- **Supplied data**:
■ ■ ■ ■

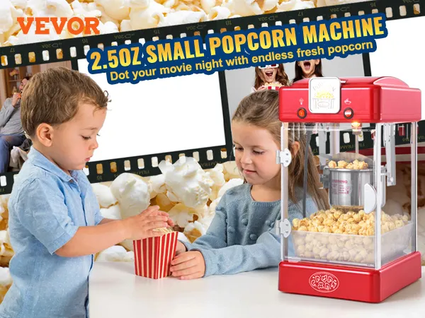 De popcornmachine met een capaciteit van 2,5 ounce is uitgerust met LED-verlichting die helder zicht mogelijk maakt en een filmische sfeer creëert - perfect voor gezinnen die willen genieten van een geweldige filmavond!
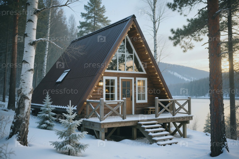 Кабинка, стоящая в снежном лесу для зимнего маркетинга путешествий
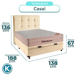 Modelo: Elite Marca: Nature Tamanho: Casal Tecido: Veludo Largura: 138cm Comprimento: 188cm Altura: 35cm Altura dos Pés: 7cm Material dos Pés: Madeira Suporte de Peso: 150Kg Peso: 35Kg Garantia: 3 Meses
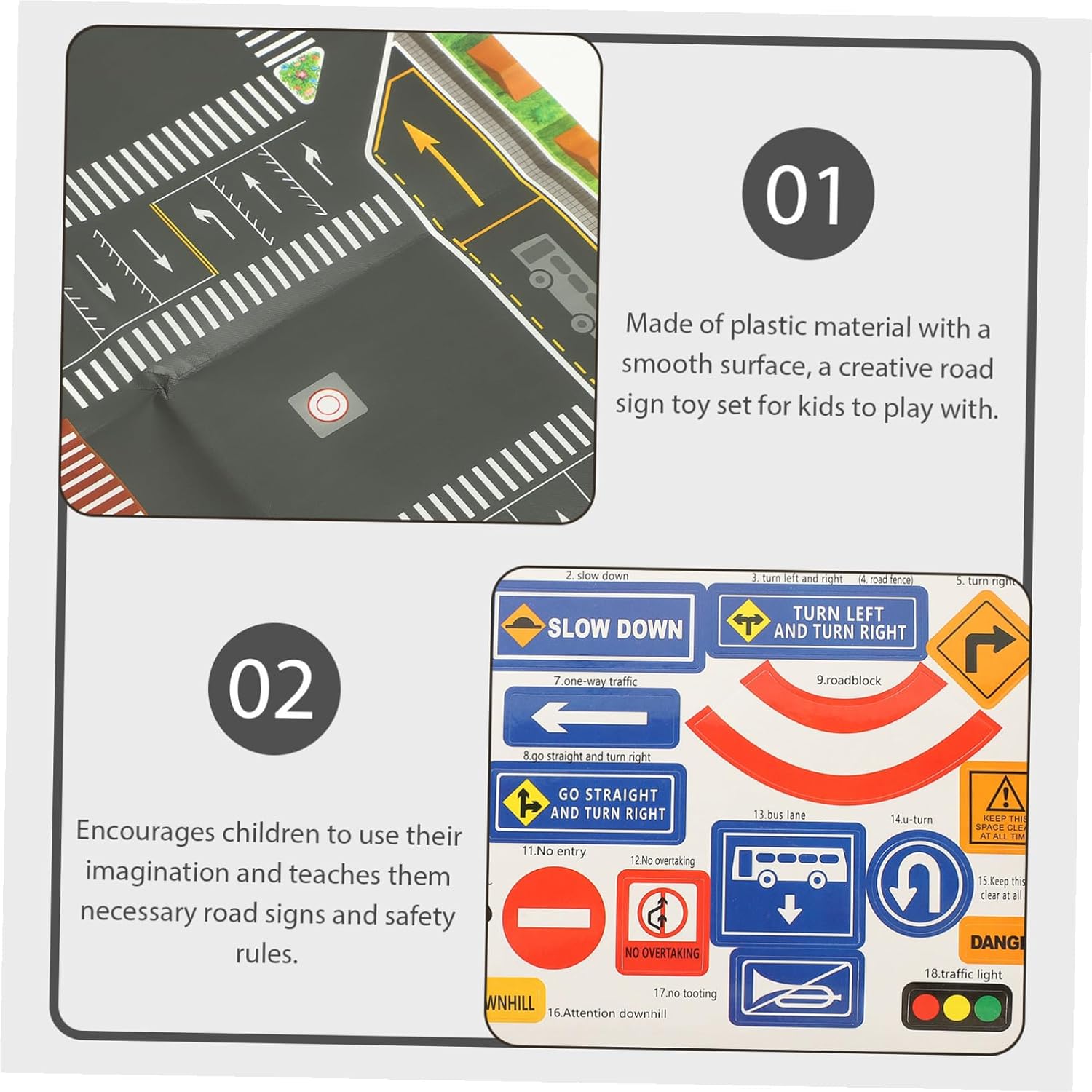 Mini segnali stradali: realizzati con materiali sicuri, pratici e durevoli, possono resistere alle lunghe ore di gioco dei , modellini di segnali stradali giocattolo Segnaletica stradale per : la simulazione del design della segnaletica stradale, dei segnali stradali e dei semafori, la mappa della città rende facile per i ricordarla e impressionarla, giocattolo del traffico Segnale stradale: i possono rafforzare l'interazione con gli amici o i familiari mentre si divertono per ore con giochi emozionanti, giocattoli per piccoli Giocattolo stradale: questi modelli di segnali stradali e recinzioni possono essere utilizzati anche come strumenti didattici per la conoscenza del traffico, impressionando di più i , giocattoli con segnali stradali Segnali stradali per : rafforzano il rapporto genitore-figlio, sono giocattoli interattivi per approfondire il tuo con i tuoi figli, giocattoli stradali per

■ ■ ■ ■

- **Exercise goal**:
Could you output the lines above exactly, with no pictures included?

- **Completed exercise**:
 De popcornmachine met een capaciteit van 2,5 ounce is uitgerust met LED-verlichting die helder zicht mogelijk maakt en een filmische sfeer creëert - perfect voor gezinnen die willen genieten van een geweldige filmavond!
 Кабинка, стоящая в снежном лесу для зимнего маркетинга путешествий
 Modelo: Elite Marca: Nature Tamanho: Casal Tecido: Veludo Largura: 138cm Comprimento: 188cm Altura: 35cm Altura dos Pés: 7cm Material dos Pés: Madeira Suporte de Peso: 150Kg Peso: 35Kg Garantia: 3 Meses
 Mini segnali stradali: realizzati con materiali sicuri, pratici e durevoli, possono resistere alle lunghe ore di gioco dei , modellini di segnali stradali giocattolo Segnaletica stradale per : la simulazione del design della segnaletica stradale, dei segnali stradali e dei semafori, la mappa della città rende facile per i ricordarla e impressionarla, giocattolo del traffico Segnale stradale: i possono rafforzare l'interazione con gli amici o i familiari mentre si divertono per ore con giochi emozionanti, giocattoli per piccoli Giocattolo stradale: questi modelli di segnali stradali e recinzioni possono essere utilizzati anche come strumenti didattici per la conoscenza del traffico, impressionando di più i , giocattoli con segnali stradali Segnali stradali per : rafforzano il rapporto genitore-figlio, sono giocattoli interattivi per approfondire il tuo con i tuoi figli, giocattoli stradali per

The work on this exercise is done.